## Work order
No line before the one holding "Maciejka Botki Maciejka|Botki" is to be copied; that line and all after it, through the end of the listing, are returned exactly, minus pictures.

## Available data
####

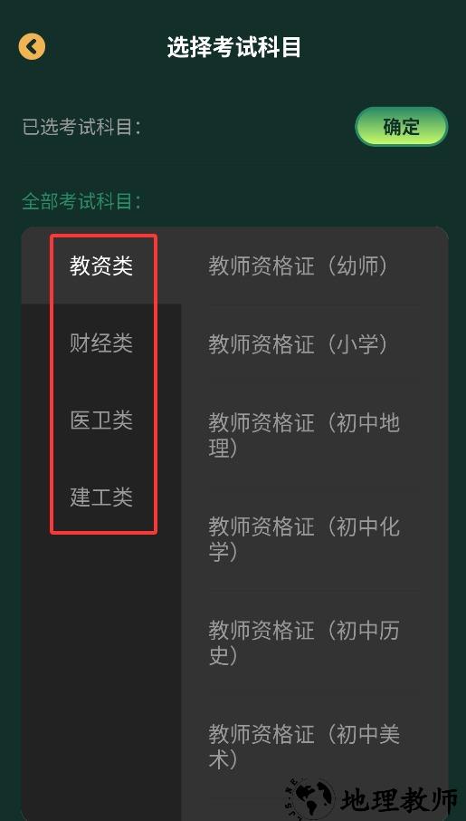 2、根据个人需求选择考试类型与科目,系统将自动匹配对应学习资源。
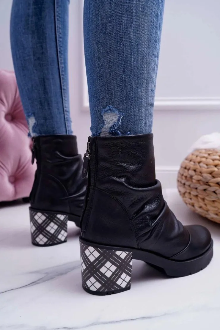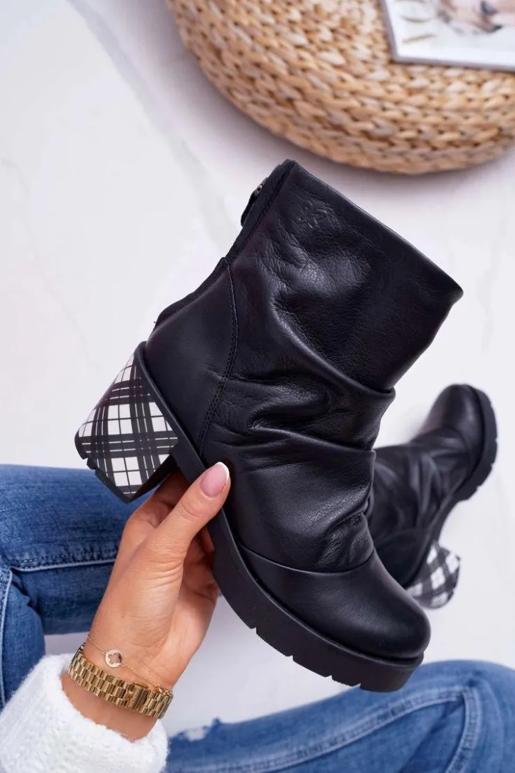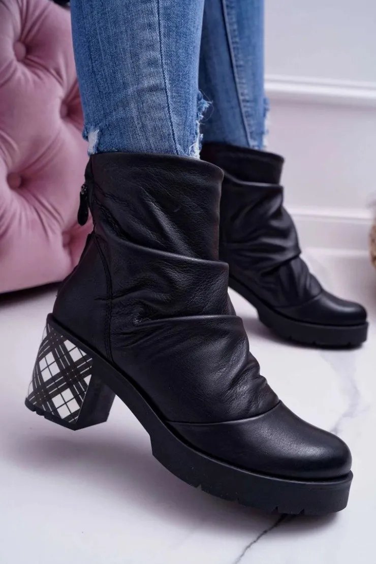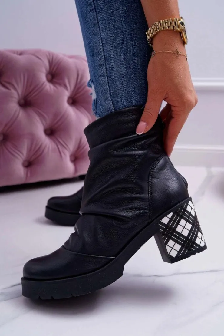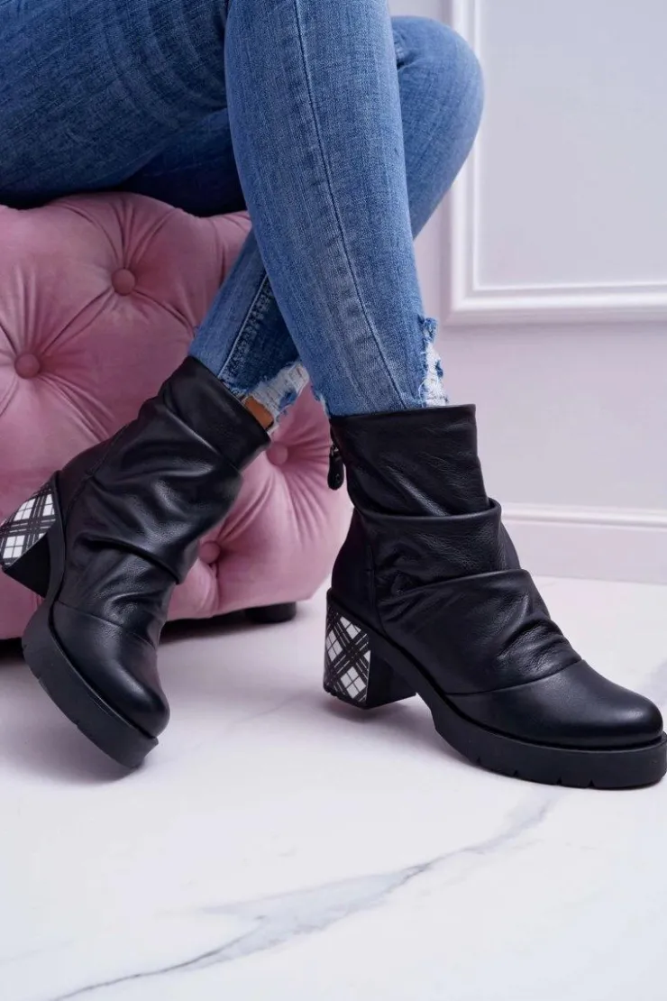 Maciejka Botki Maciejka|Botki Na Słupku*Botki Damskie Skórzane Czarne 04216-01
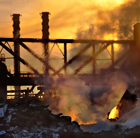 As luck would have it, just as the warm light of sunset was at its peak, they began to pour slag. It only lasted for a few seconds, but I was able to capture this dynamic moment.
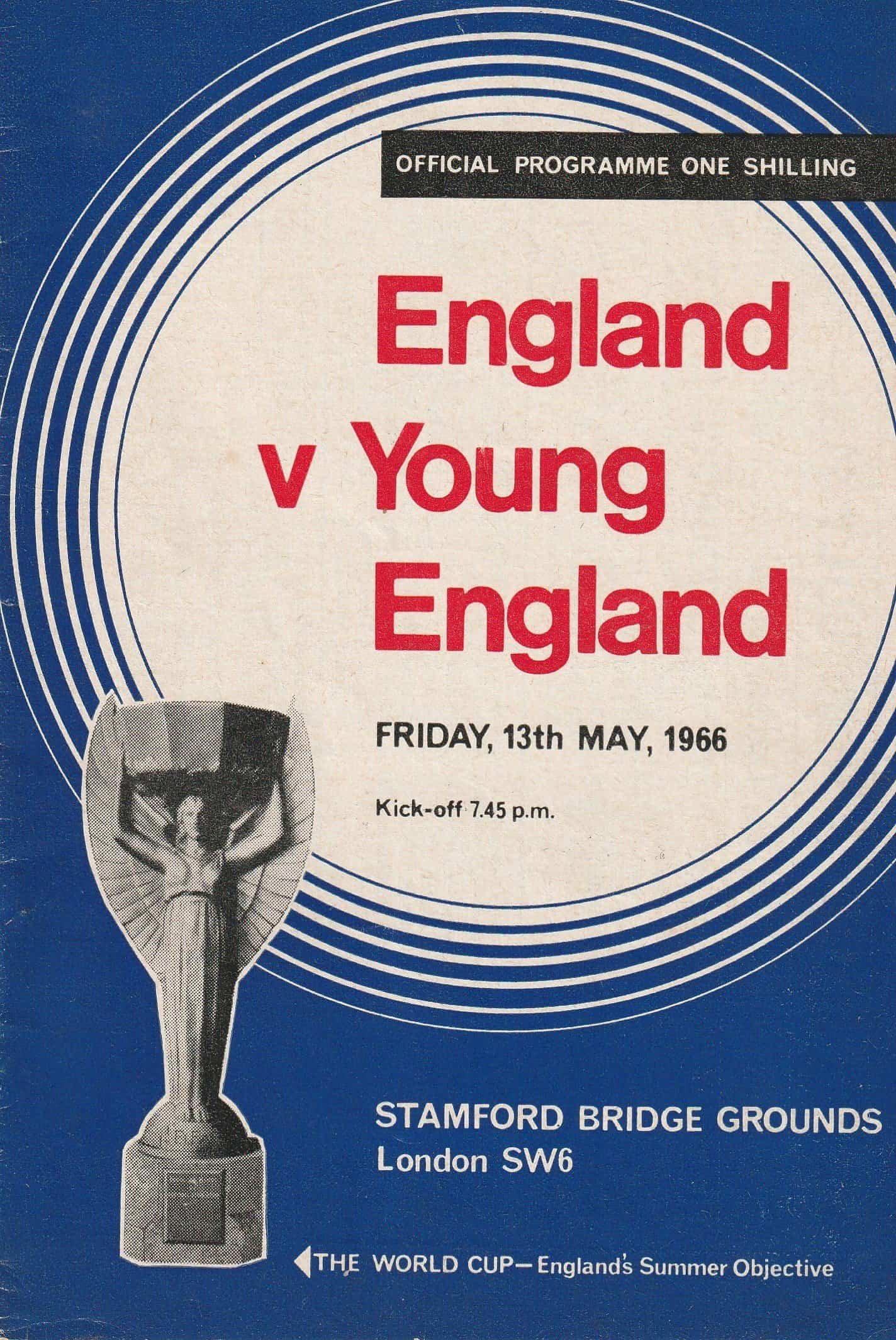 Match: England v Young England Competition: Representative Match Date: 13-May-1966 Comments: Played at Chelsea FC, Rating: 3 Condition: Centre fold removed Weight in grams: 40

####

## Result below
 Maciejka Botki Maciejka|Botki Na Słupku*Botki Damskie Skórzane Czarne 04216-01
 As luck would have it, just as the warm light of sunset was at its peak, they began to pour slag. It only lasted for a few seconds, but I was able to capture this dynamic moment.
 Match: England v Young England Competition: Representative Match Date: 13-May-1966 Comments: Played at Chelsea FC, Rating: 3 Condition: Centre fold removed Weight in grams: 40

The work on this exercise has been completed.